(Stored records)
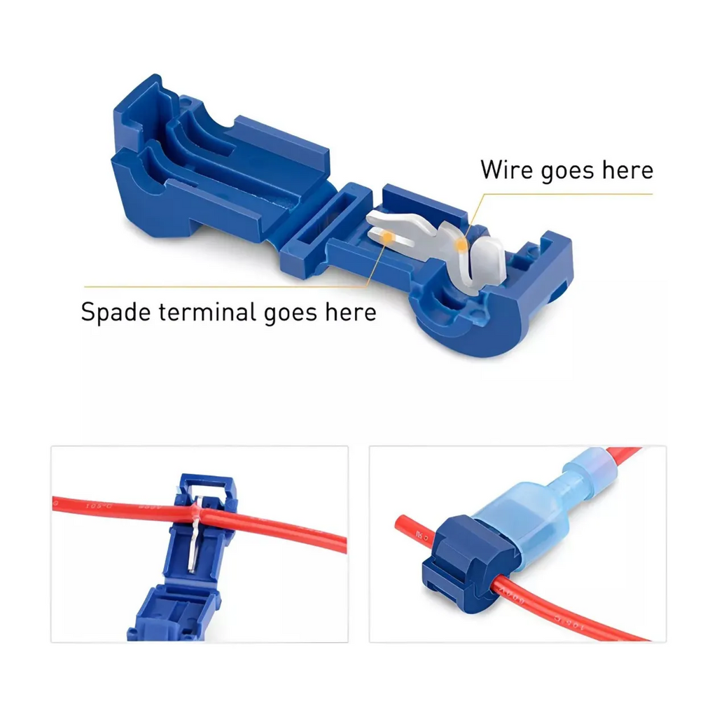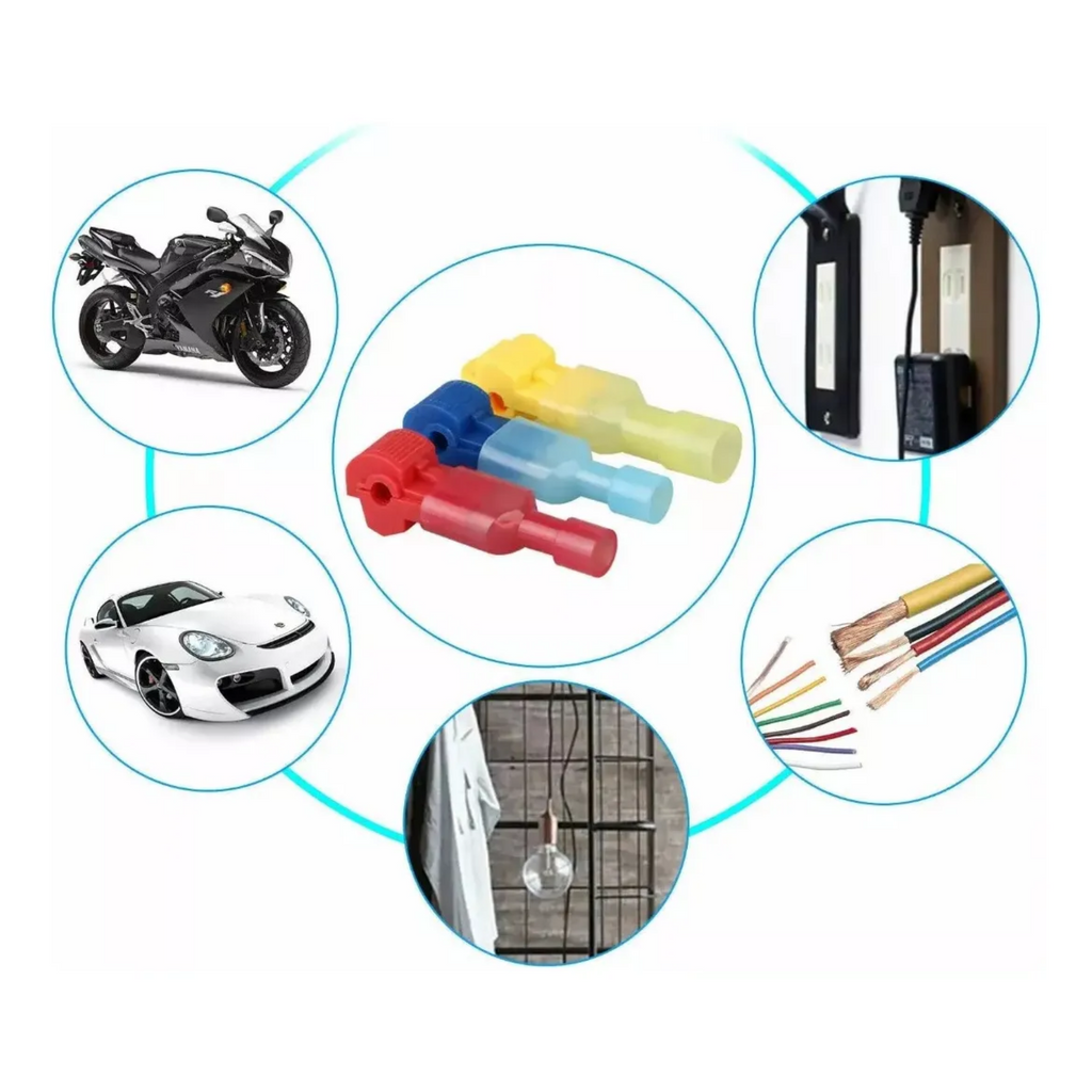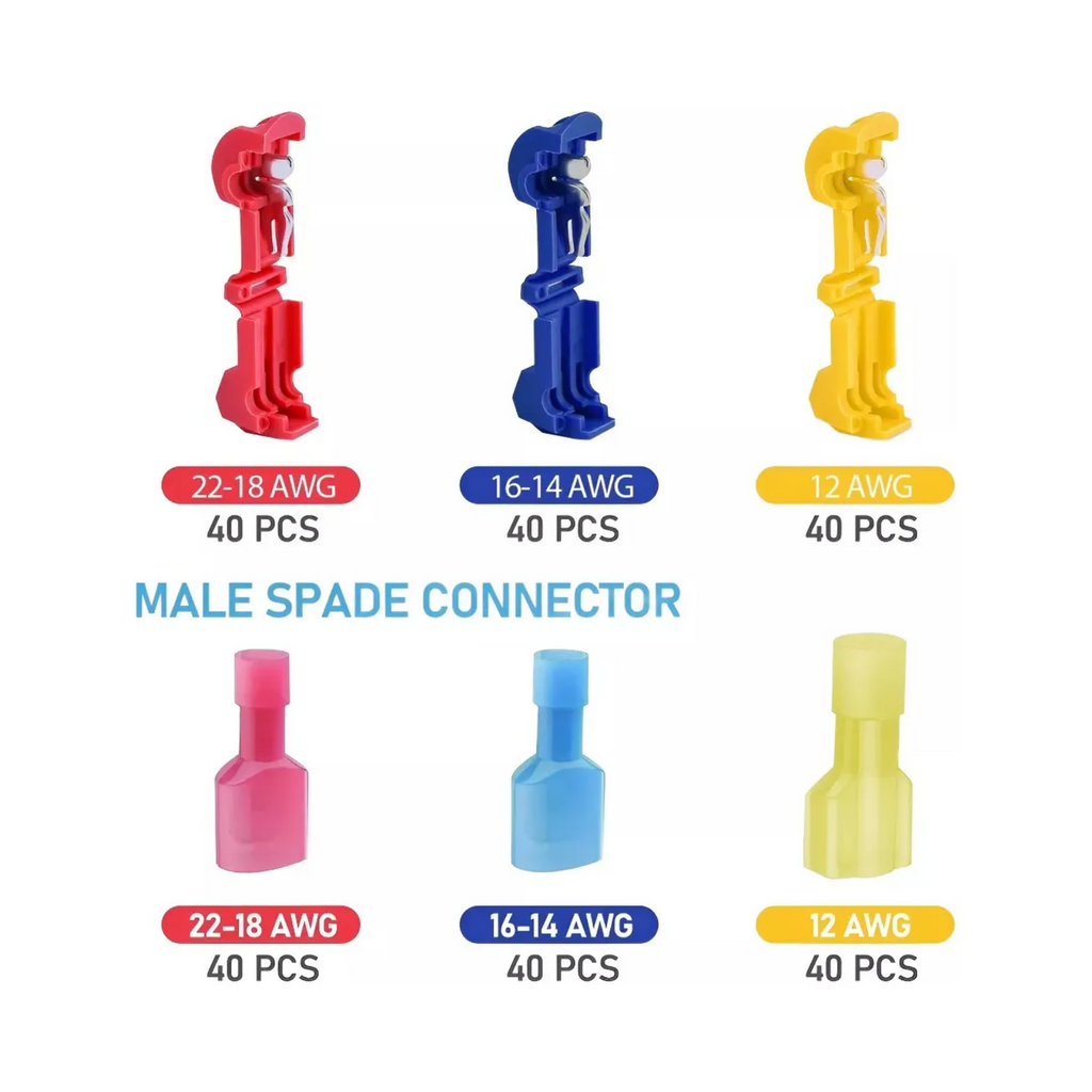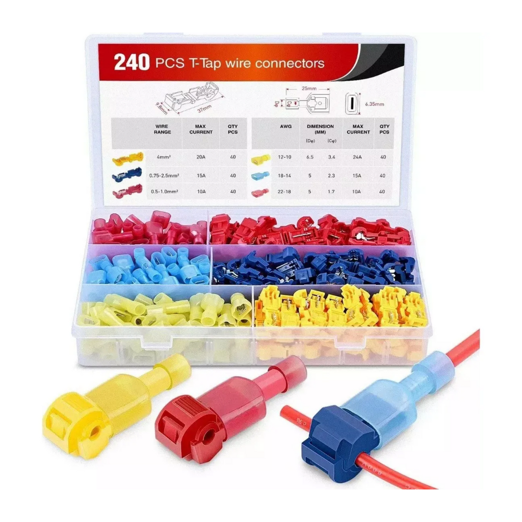 Pack de 240 terminales eléctricos tipo T, conectores rápidos para cables de 0,5 a 4 mm² (10-22 AWG). Ideales para conexiones automotrices y proyectos eléctricos que requieren empalmes rápidos sin cortar los cables originales. Cada conector permite un montaje seguro y eficiente en cables de diferentes calibres, facilitando instalaciones temporales o pruebas eléctricas.
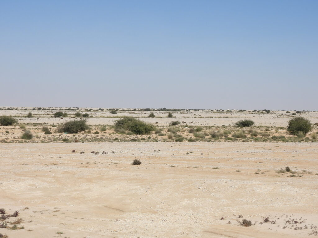 We parked the car on the outskirts of Al Wakra once the road became too tricky for our rental car. Our target spot, some sort of oasis with greener shrubbery in the middle of the desert, was still some 20 minutes’ walk away under the sun (of January, for what it’s worth). Already upon arrival, we connected with Egyptian spiny‑tailed lizards (Uromastyx aegyptia) and flushed a flock of introduced gray francolins (Ortygornis pondicerianus).
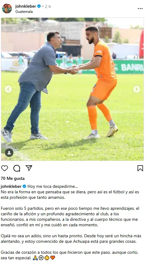 Con un mensaje en sus redes sociales John Kleber confirmó que dejará a Achuapa de manera precipitada.
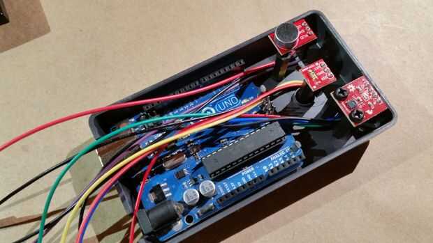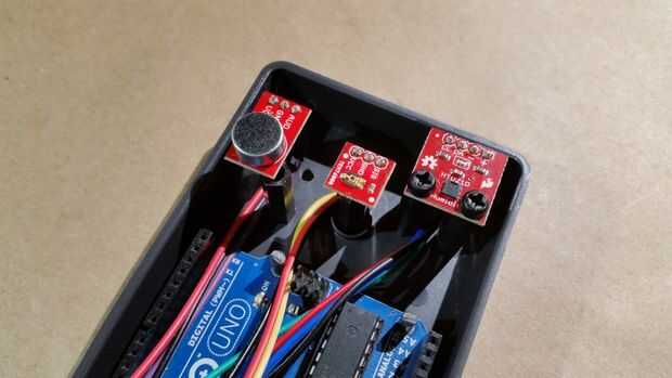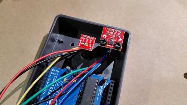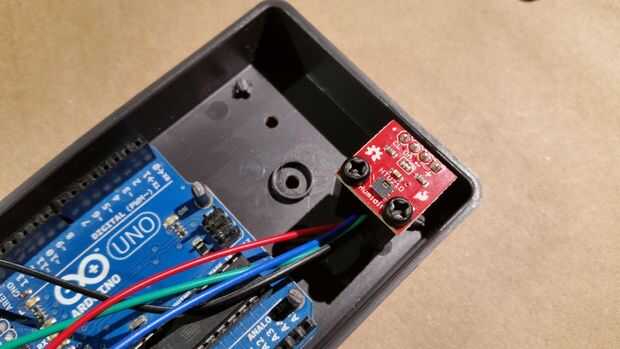 Los cables de los sensores deben pasar por encima de la Arduino y la parte inferior de la caja del proyecto, junto al puerto USB de Arduino y conectores jack de barril.
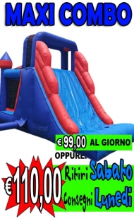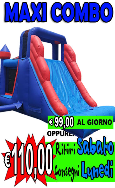 Il Maxi Combo rappresenta il top della gamma per chi cerca prestazioni e resistenza. Con i suoi 6 metri di lunghezza e un'altezza imponente di ben 3,50 metri, questo scivolo offre un ampio salterello che porta ad una discesa ripida e adrenalinica. Realizzato interamente in PVC professionale, garantisce una stabilità superiore senza compromessi.
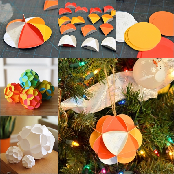 Смотрите красивые ёлочные шары из бумаги своими руками на фотографиях ниже.
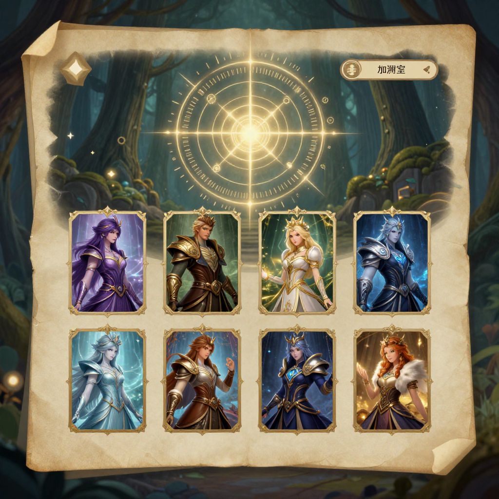 Digital fantasy card game interface showing six illuminated character portraits with magical armor, set against a mystical forest backdrop.
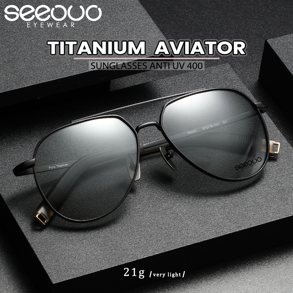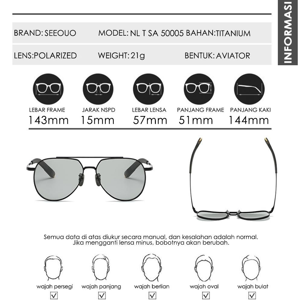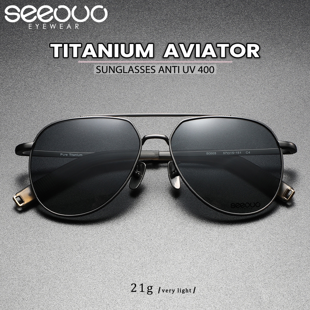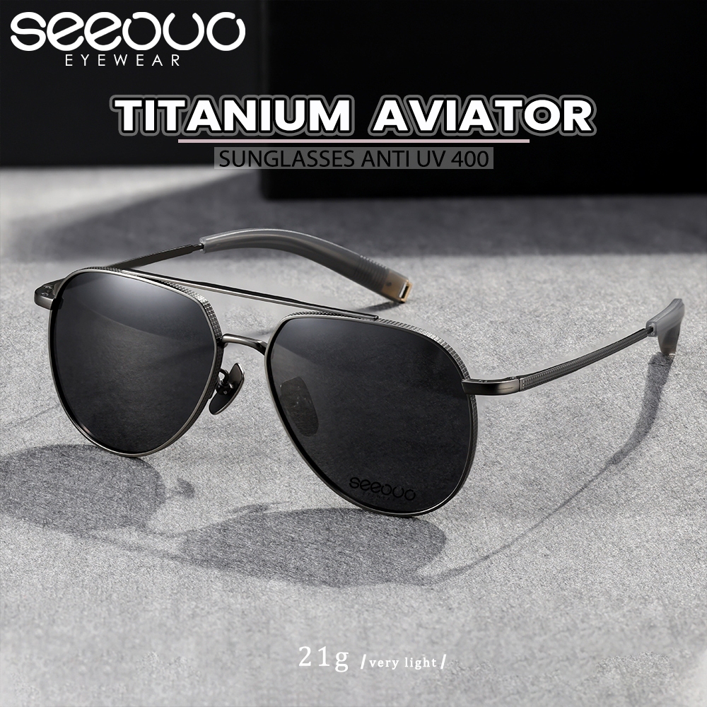 Seeouo Sunglasses Kacamata Hitam Model Aviator Keren Anti UV 400 Polarized Bahan Titanium Ringan Kokoh Fashion Uni 50
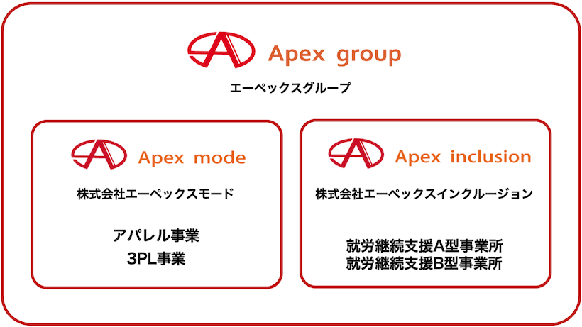 エーペックスグループは、アパレル事業・3PL事業の株式会社エーペックスモードと、就労継続支援A型とB型事業所の

What is being asked: Would you restate all of the data above word for word, omitting the pictures?

Exercise solution:
 Pack de 240 terminales eléctricos tipo T, conectores rápidos para cables de 0,5 a 4 mm² (10-22 AWG). Ideales para conexiones automotrices y proyectos eléctricos que requieren empalmes rápidos sin cortar los cables originales. Cada conector permite un montaje seguro y eficiente en cables de diferentes calibres, facilitando instalaciones temporales o pruebas eléctricas.
 We parked the car on the outskirts of Al Wakra once the road became too tricky for our rental car. Our target spot, some sort of oasis with greener shrubbery in the middle of the desert, was still some 20 minutes’ walk away under the sun (of January, for what it’s worth). Already upon arrival, we connected with Egyptian spiny‑tailed lizards (Uromastyx aegyptia) and flushed a flock of introduced gray francolins (Ortygornis pondicerianus).
 Con un mensaje en sus redes sociales John Kleber confirmó que dejará a Achuapa de manera precipitada.
 Los cables de los sensores deben pasar por encima de la Arduino y la parte inferior de la caja del proyecto, junto al puerto USB de Arduino y conectores jack de barril.
 Il Maxi Combo rappresenta il top della gamma per chi cerca prestazioni e resistenza. Con i suoi 6 metri di lunghezza e un'altezza imponente di ben 3,50 metri, questo scivolo offre un ampio salterello che porta ad una discesa ripida e adrenalinica. Realizzato interamente in PVC professionale, garantisce una stabilità superiore senza compromessi.
 Смотрите красивые ёлочные шары из бумаги своими руками на фотографиях ниже.
 Digital fantasy card game interface showing six illuminated character portraits with magical armor, set against a mystical forest backdrop.
 Seeouo Sunglasses Kacamata Hitam Model Aviator Keren Anti UV 400 Polarized Bahan Titanium Ringan Kokoh Fashion Uni 50
 エーペックスグループは、アパレル事業・3PL事業の株式会社エーペックスモードと、就労継続支援A型とB型事業所の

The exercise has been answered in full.